「痩せると人の性格は変わるのでしょうか?」
ある掲示板にこのような質問がよせられていました。
それに対する書き込みをのぞいてみると・・・
「明るくなった」
「何事にもやる気が湧いてきます」
「自信が持てるようになった」
「外出するのが待ち遠しい」
「何にでも前向きになった」
このようなポジティブな言葉が並んでいました。
果たしてこれはただ痩せたことに対する一時的な感情でしょうか?
実はこれには医学的な理由が存在するのです。
コロナやインフルエンザに感染すると発熱、咽頭痛、頭痛、咳などの症状に悩まされます。
この症状はウイルスがからだのあちこちに散らばり、その場所でウイルスとからだの戦いが起きたことを意味します。
病巣部にはサイトカインと総称される様々な生理活性物質が産生されて、感染が起きていることを全身に知らせます。
その結果感染した部分に血流が増え、白血球が集まってきて侵略者と戦います。
たとえばかぜを引いたときの喉の痛みを思い浮かべるとわかりやすいでしょう。
のどに血流が増えその部分が熱を帯び赤く腫れ上がり、神経を圧迫して痛みが生じます。
侵略者と戦った白血球の残骸が膿になります。
ちなみに熱感、発赤、腫脹、疼痛を炎症の4徴候と呼びます。
さてこんな状態になったときの私たちの気分はどうでしょう?
やる気も食欲も低下して、ふとんを被って寝ていたくなりますね。
このように気分を落ち込ませることもサイトカインの役割のひとつで、感情を使って私たちを引きこもらせ安静を保ちエネルギー消費を節約して病気との戦いに備えているのです。
ここで注目して頂きたいことは、炎症が起きるのは感染症に限ったことではないということです。
私たちの祖先が狩猟採集民であった時代の炎症は、多くが細菌やウイルスによる感染や怪我で起きて、ほとんどが一過性でした。
ところが現代ではライフスタイルの変化によって引き起こされた、喫煙、環境汚染物質、ジャンクフード、座りすぎ、肥満、精神的ストレスも炎症の要因となり、しかも長期間持続性であることが特徴的です。

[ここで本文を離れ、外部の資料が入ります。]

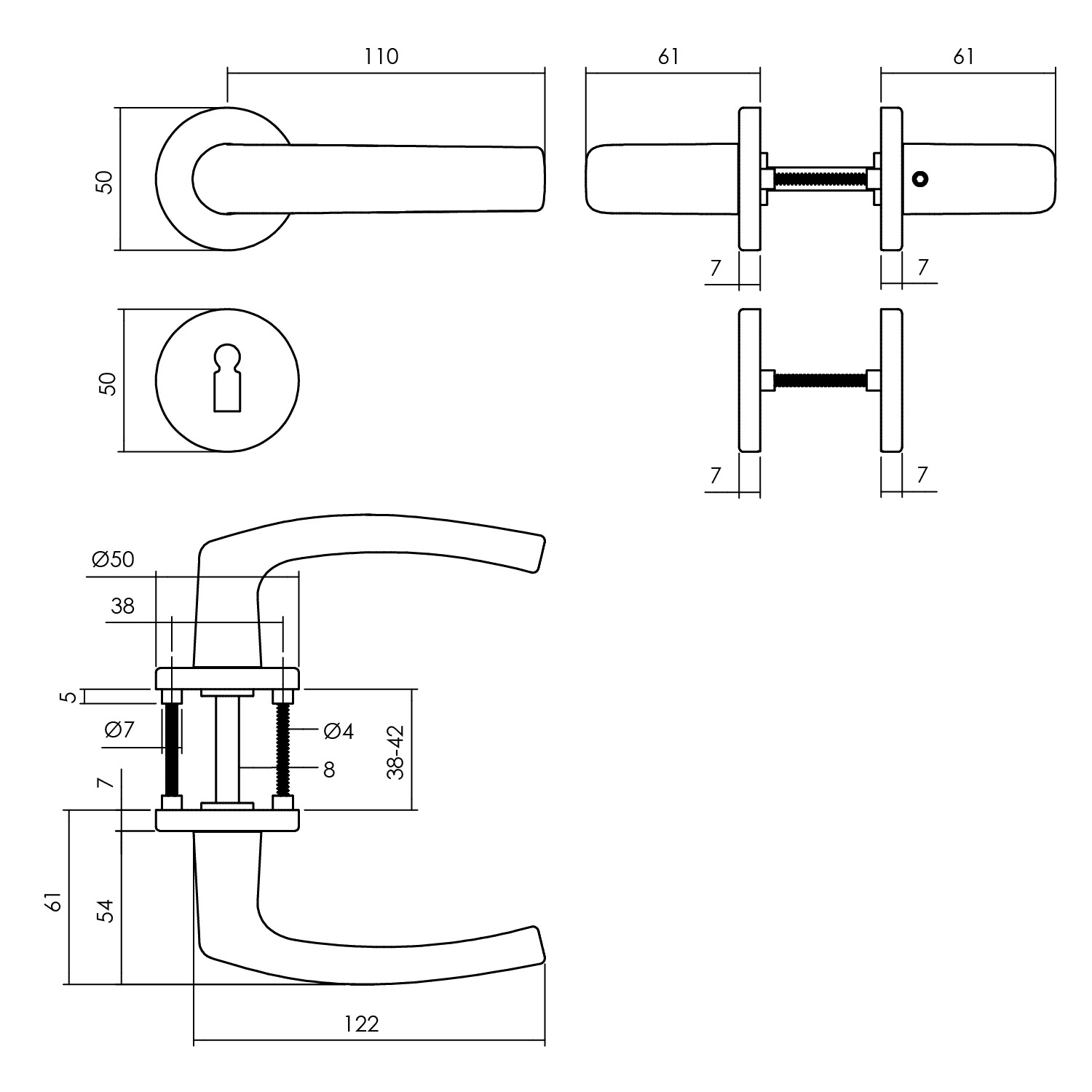 Der Türgriff steht auf einer runden Rosette von Ø 50mm und ist 7mm ausziehbar. Für einen besseren Halt ist diese Rosette mit ca. 7 mm breiten Laschen ausgestattet.
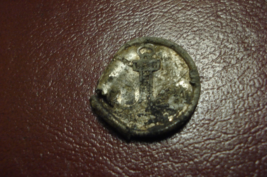 Сегодняшний выезд по делам и без прибора за 120 кил. принес свои плоды . Дома там старые , на одном из них лейба 1884 г. и на глаза бросившаяся пуга , тоесть часть ее . Медные с таким рисунком попадались , а эта ? хз .
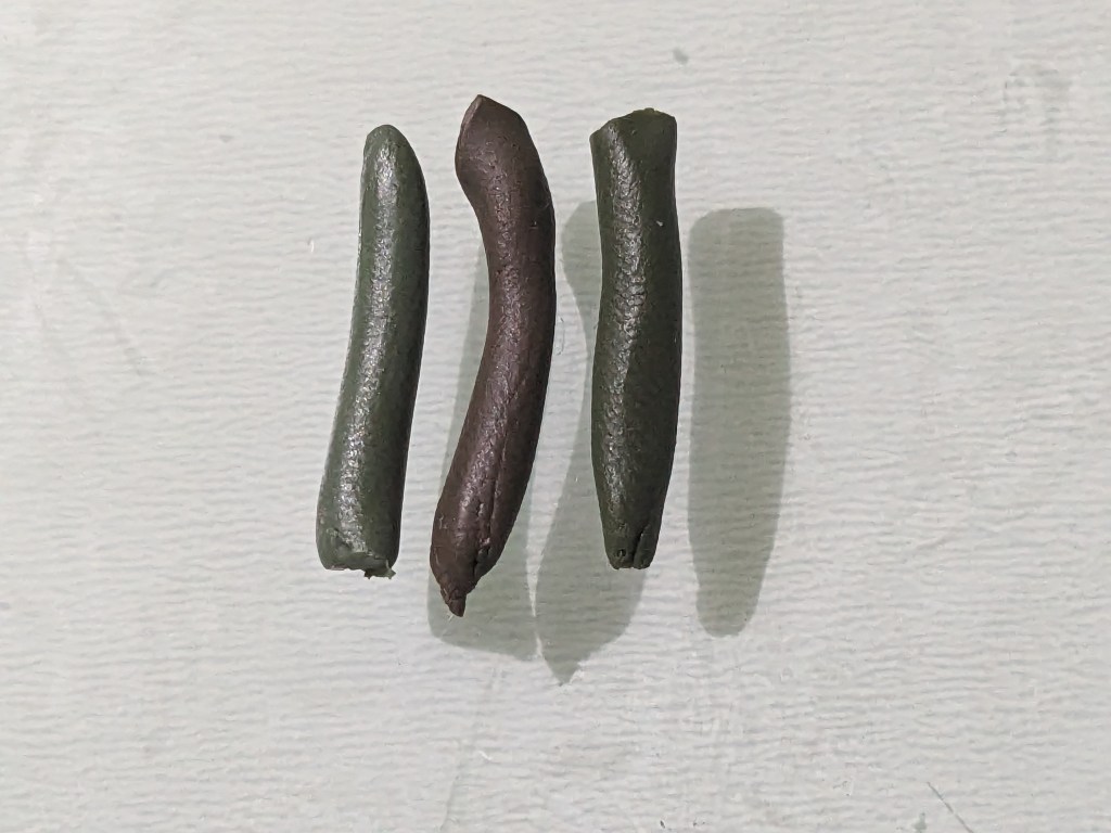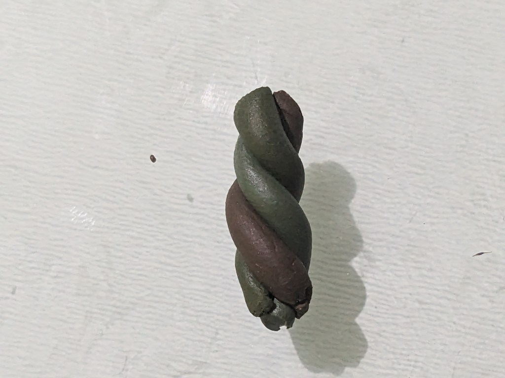 Step 4: Roll out your ‘woody’ shades into logs and twist them together, tapering as you twist.

スェーデンの精神科医アンデシュ・ハンセンは著書「ストレス脳」の中で次のように述べています。
「身体は炎症が感染によるものなのか現代のライフスタイル要因によるものなのかを見分けることができない。
同じことが脳についても言える。
現代の炎症要因でも、細菌やウイルスに攻撃されている時と同じシグナルが脳に送られてしまう。

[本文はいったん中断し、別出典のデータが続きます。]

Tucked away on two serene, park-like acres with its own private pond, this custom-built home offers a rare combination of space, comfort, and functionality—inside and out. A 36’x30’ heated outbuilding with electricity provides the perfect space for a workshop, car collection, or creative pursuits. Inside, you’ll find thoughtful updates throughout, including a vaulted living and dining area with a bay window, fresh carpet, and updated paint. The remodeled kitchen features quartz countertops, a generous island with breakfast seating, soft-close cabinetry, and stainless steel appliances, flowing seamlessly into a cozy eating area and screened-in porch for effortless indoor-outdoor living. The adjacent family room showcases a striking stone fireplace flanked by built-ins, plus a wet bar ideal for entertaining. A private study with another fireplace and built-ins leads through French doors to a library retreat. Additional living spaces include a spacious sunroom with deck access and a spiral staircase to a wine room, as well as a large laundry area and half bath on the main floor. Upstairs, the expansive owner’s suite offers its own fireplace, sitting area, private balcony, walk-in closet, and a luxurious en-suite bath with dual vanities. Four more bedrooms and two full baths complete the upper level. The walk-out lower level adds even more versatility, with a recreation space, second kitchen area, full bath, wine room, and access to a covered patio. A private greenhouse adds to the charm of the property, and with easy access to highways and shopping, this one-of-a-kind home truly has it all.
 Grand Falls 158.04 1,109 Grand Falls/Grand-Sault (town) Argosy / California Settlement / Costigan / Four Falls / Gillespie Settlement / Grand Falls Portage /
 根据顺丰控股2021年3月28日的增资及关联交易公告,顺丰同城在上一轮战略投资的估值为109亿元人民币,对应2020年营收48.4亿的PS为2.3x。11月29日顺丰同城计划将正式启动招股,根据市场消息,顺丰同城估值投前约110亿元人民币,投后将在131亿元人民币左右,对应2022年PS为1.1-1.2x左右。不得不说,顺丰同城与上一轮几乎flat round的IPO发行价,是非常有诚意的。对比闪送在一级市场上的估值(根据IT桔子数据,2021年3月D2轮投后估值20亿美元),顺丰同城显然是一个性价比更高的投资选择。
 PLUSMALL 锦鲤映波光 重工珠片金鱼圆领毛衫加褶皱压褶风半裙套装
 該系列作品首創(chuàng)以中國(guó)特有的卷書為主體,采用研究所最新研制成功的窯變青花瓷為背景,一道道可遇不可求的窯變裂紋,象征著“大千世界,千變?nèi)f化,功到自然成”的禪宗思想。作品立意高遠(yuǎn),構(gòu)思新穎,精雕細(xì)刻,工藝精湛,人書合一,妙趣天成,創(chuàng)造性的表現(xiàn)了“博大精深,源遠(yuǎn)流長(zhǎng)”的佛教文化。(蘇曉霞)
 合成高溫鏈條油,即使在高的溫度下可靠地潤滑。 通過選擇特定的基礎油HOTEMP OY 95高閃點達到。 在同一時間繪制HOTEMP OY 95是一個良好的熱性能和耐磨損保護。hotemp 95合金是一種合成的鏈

そのシグナルが長く続きすぎると──そして現代の炎症要因というのは長期的なものだから──脳は「命が危険にさらされていて、常に攻撃を受けている!」と誤解してしまう。
そこで脳は気分を下げるという調整を行い、私たちを引きこもらせようとする。
精神的に立ち止まらせ、その状態が長く続く。(中略)
つまり私たちがうつと呼ぶ状態だ。
このように、うつも炎症に起因する病気のリストに入ってくるのだ。」
感染症や精神的なストレスと並んで、肥満は体内で炎症を起こす大きな要因となります。
内臓脂肪は単なるエネルギー貯蔵庫ではなく内分泌器官でもあるため、いろいろなサイトカインが作られいて炎症も引き起こしてしまうのです。
からだは脂肪細胞を異物とみなして、退治しようとしているのかもしれませんね。
長時間座っていることや肥満に対して脳が危険を察知して、感染症のときと同様に感情を使って気分をうつ状態にさせると考えられています。

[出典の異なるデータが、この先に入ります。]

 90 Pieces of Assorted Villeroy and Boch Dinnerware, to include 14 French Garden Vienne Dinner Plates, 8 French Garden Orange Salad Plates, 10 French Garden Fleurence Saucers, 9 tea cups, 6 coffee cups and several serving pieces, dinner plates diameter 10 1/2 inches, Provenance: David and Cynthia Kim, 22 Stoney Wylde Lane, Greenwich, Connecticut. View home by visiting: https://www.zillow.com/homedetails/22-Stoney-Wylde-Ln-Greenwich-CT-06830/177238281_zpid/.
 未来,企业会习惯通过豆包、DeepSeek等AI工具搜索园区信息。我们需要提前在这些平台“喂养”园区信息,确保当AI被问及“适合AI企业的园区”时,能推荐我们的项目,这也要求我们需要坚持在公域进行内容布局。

要するに肥満は炎症を引き起こし、感染症のときと同じように精神状態を悪化させ引きこもらせるのです。
しかし感染症が終息すれば・・・
元気、やる気も復活しますね。
肥満も同様です。
痩せれば炎症をおこす脂肪細胞が消失するわけですから、悪い精神状態や引きこもりから回復して、掲示板のコメントのように明るく積極的に振る舞えるようになるのも自然なことでしょう。